Bob Womack |
04-23-2018 03:58 PM |
Rebuilding the DAW at the studio and general hilarity
I've just spent three days rebuilding the DAW in my recording studio control room. One of the DAWs in house started behaving flaky so they decided to rebuild it. In the process they moved up from Windows Seven and Steinberg Nuendo 7.xx to Windows 10 and Nuendo 8.1. Both platforms have been out long enough to get settled. Because our house is a non-stop production environment, we choose to live behind the "bleeding edge" of technology and let someone else do the bleeding! The upgraded box was used for three months to verify that it was stable. Once we had a functional box in another room it was time to upgrade them all, including mine. The maintenance engineer I was working with decided the best course of action was to simply replace the computer's boot drive and build the DAW from scratch. I spent a half-day backing up all that data and all the settings I could before we pulled the plug and replaced the drive. Installation of the new drive, Windows, and all the drivers took a morning and then it was my turn.

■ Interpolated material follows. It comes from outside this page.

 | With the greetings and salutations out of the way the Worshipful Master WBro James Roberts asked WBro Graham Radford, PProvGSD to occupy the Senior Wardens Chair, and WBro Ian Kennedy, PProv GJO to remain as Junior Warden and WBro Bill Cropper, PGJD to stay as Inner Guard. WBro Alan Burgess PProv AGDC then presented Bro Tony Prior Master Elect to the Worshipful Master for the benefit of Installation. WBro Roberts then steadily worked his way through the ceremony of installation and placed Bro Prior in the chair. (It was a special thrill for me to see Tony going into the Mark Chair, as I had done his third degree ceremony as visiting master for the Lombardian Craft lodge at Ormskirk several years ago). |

The whole installation is complicated by several facts:
1) The computer lives in the machine room and the monitors, input devices, and controllers live in the control room. Everything is remoted by Ethernet and other systems.
2) We are connected via LAN to several hubs that contain more than fifteen production servers managed by multiple access systems that demand different access credentials.

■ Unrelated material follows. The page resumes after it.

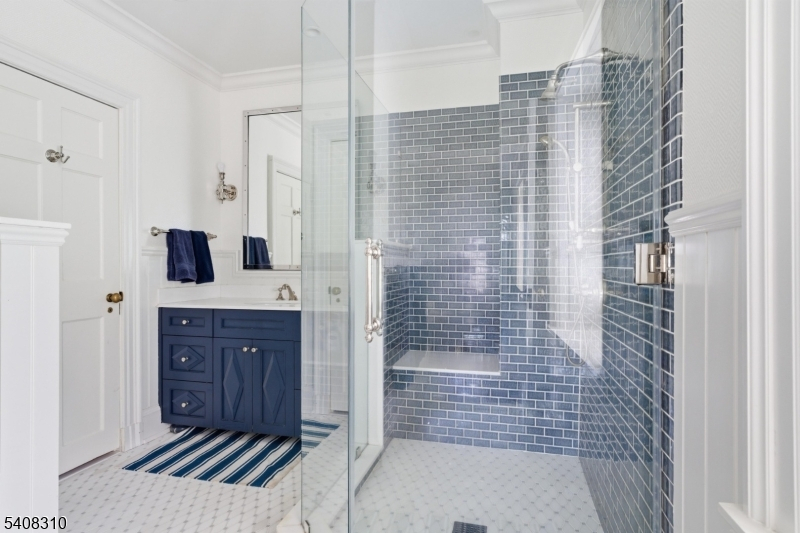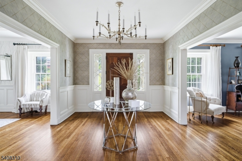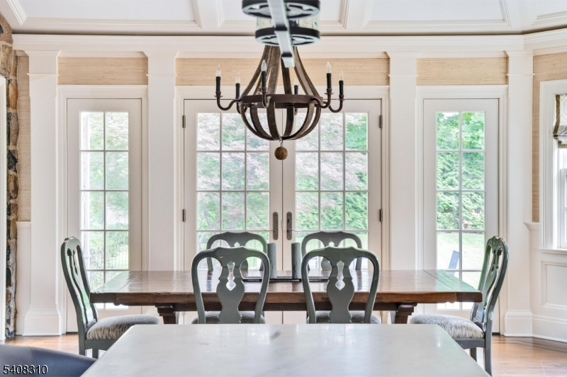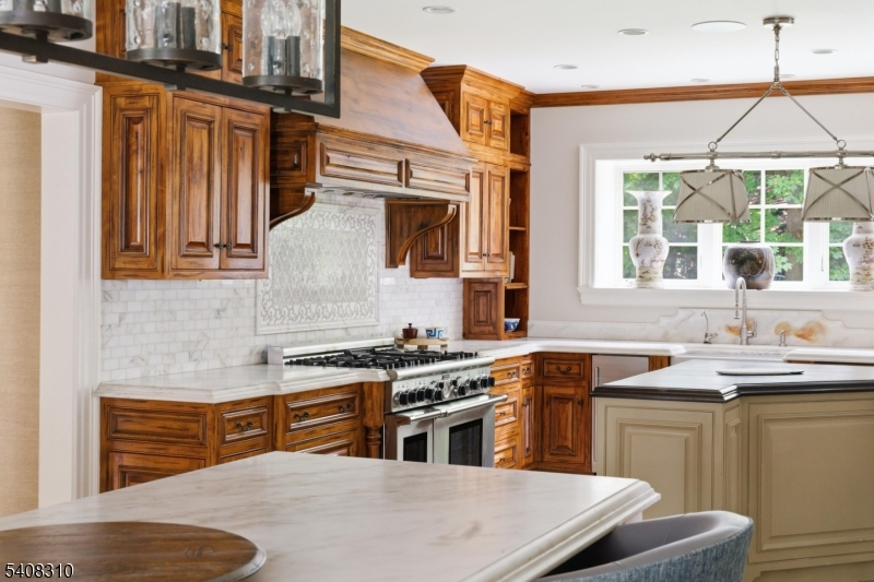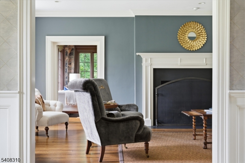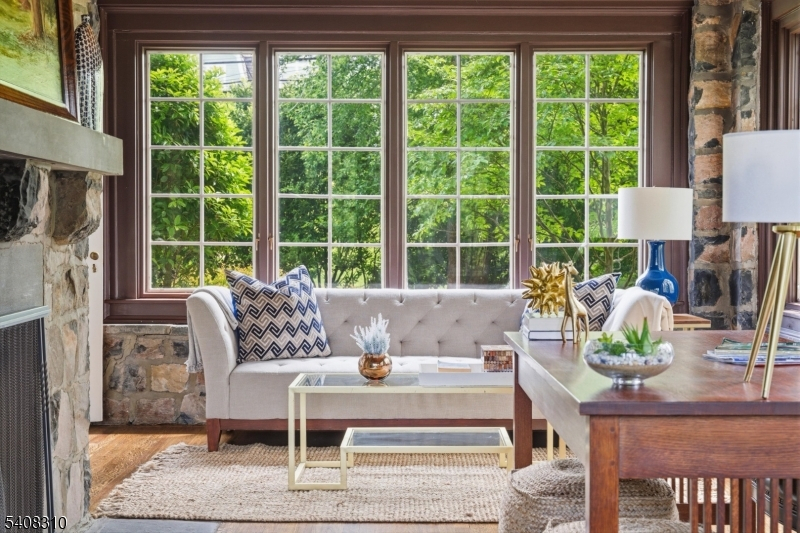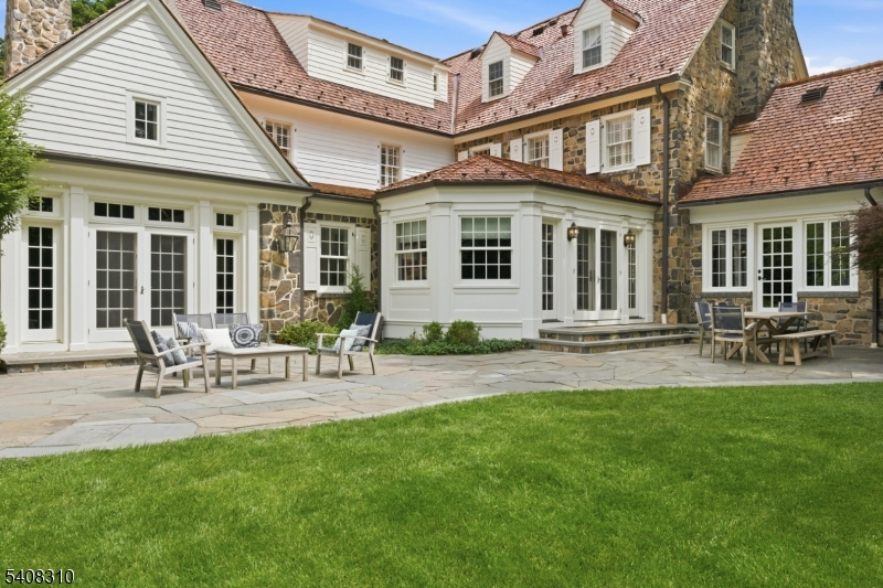 Situated on nearly an acre in Old Short Hills, this timeless fieldstone Colonial offers a rare balance of architectural significance and livability. From its classic facade to elegant proportions, the home invites you in with presence and warmth. Inside, a wide entry sets the tone. The living room, anchored by a wood-burning fireplace, flows into a sunroom with three stone walls and its own fireplace, offering a year-round connection to the outdoors. Light fills the formal dining room through multiple exposures, while a coffered ceiling adds refinement. A butler's pantry opens to a large kitchen designed for both form and function, with custom cabinetry, professional appliances and a breakfast room framed by stone and windows. French doors open to a bluestone patio and a backyard with room for a pool. A vaulted family room with exposed beams brings volume and ease, while a private office, mudroom and powder room complete the first floor. Upstairs, the primary suite offers a quiet escape with a spa-like bath and a custom walk-in closet. Three more bedrooms include two with en suite baths and one with an office. The third level continues with three bedrooms, two full baths and a lounge with versatility. The lower level includes a recreation room, gym, walk-in wine cellar and powder room, adding flexibility to any lifestyle. With a new cedar shake roof and a setting just blocks from town and the train, this is the rare home that pairs tradition with possibility inside and out.

3) The DAW and the mastering software WaveLab run plugins from Waves, iZotope, UAD, Antares, Wavemachine Labs, and others and uses multiple authorization methods from iLok to eLicenser to local authorization files. All these are getting better but there are always a couple of authorization snags each time we rebuild.

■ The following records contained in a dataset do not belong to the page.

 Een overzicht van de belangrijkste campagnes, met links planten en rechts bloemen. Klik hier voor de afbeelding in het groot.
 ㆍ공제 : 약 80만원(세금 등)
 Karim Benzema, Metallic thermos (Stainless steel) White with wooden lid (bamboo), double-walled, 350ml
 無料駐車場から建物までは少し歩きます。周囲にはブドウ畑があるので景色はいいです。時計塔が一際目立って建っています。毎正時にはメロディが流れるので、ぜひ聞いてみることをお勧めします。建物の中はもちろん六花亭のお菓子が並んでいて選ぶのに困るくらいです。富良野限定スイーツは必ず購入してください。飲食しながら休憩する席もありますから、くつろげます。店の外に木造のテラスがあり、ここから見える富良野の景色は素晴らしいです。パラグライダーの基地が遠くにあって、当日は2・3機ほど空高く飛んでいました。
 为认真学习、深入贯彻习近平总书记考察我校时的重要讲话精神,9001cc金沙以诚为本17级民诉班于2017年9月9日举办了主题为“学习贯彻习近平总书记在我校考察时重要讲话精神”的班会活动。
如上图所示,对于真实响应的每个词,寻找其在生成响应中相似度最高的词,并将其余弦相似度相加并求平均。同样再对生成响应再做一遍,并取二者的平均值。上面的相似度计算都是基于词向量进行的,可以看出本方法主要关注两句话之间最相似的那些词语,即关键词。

4) The video software, Adobe Premiere, and associated Media Encoder must be installed and all video standards used in the house must have templates and presets for quick and proper support.
5) The machine utilizes a three-head video card with two of the monitors being used to contain the DAW’s graphical user interface and the third used to display any video associated with the project.
6) All this software has to live together in harmony. Most of the plug-ins have drivers and handlers. Hilariously, some those drivers need drivers to talk to other drivers and there is no central repository of information about what it takes to bring peace between all the warring factions.
I spent a day wrestling the various plugs into submission and acquiring access and software for all the servers. Then it was a half-day chore configuring all the software to perform properly for my various tasks (music recording, audio post production for film and video, mastering, etc.). I’d call the build 99% done at this point.
And guess what was waiting as my first session the moment I declared the room reasonably back online? It was a live feed between my studio and another on the opposite coast to allow my company's CEO could do a live interview from the recording room! I never seem to get the low-pressure jobs first after a rebuild.